I recently read a post on Phil Togwell's blog, which presented some thoughts on this. He'd been to visit some monks and while the thought of so much silence terrifies me, the monks explanation for his lifestyle really challenged me.
I've pinched the following paragraphs cos I thought it was so good:
The word obedience comes from Latin terms meaning 'to listen'. Obedience comes from listening... and it is this desire to listen (or to *learn* to listen, since so few of us are any good at listening) that shapes the monk's lives of silence.
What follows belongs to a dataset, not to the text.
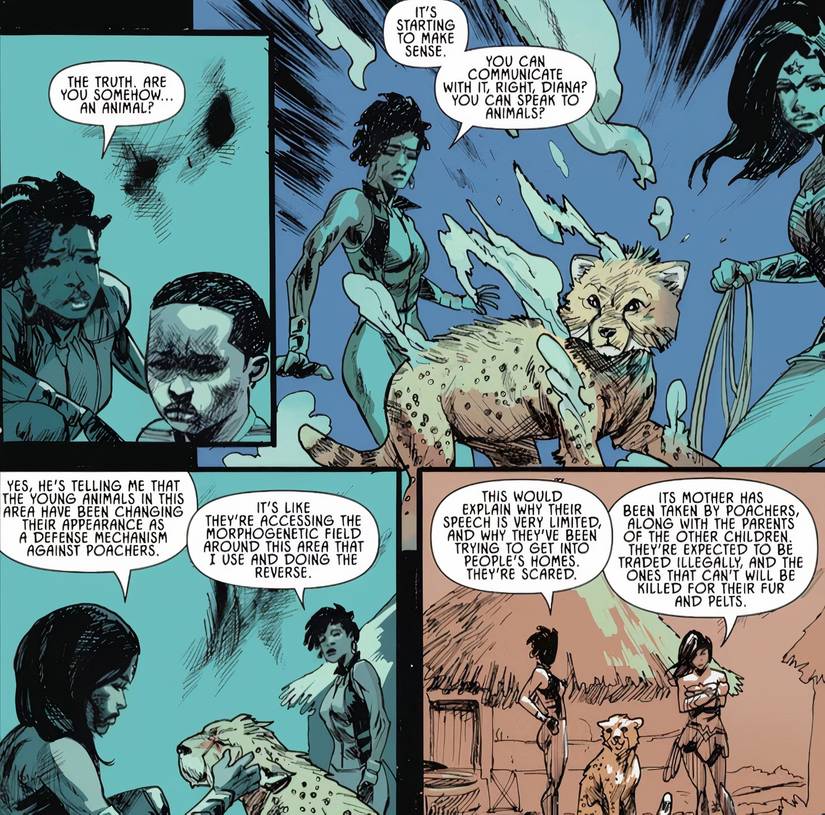 Si bien Tom King confirmó que Wonder Woman conserva su capacidad de hablar con los animales, eso no es lo mismo que verla usarla en la narrativa. Entonces, ¿cuándo fue la última vez que los fanáticos vieron a Wonder Woman comunicarse con los animales? Uno de los casos más recientes ocurrió en el ¿Tienes miedo de Darkseid? #1 Especial de Halloween en el cuento Niños de ojos negros por Terry Blas, Garry Brown y Marissa Louise. En esta historia, Diana se une a Vixen para resolver un misterio que involucra a niños extraños que aparecen en la provincia de M’Changa en Zambesi. Mujer Maravilla La capacidad de hablar con los animales juega un papel clave para ayudarlos a resolver el caso.

The monks aren't entirely silent (as Brother Thierry was demonstrating by speaking with us), but silence is their default. Whereas noise is probably our default. We're surrounded by the noise of machines and vehicles and people and busyness all the time... and then we fill any remaining cracks with music on iPods, on the radio, with shallow chattering (Benedict warns against "unnecessary" conversation) and with the (mostly rubbish) TV as soon as we sit down in the evenings.
And why do we do it? "Because," said Brother Thierry, "we are afraid to be alone with ourselves." In silence we encounter ourselves, including the stuff that we'd rather keep hidden away... the head-noise, the loneliness, the pain, the guilt, the fear, the honest cries of our hearts. The real us.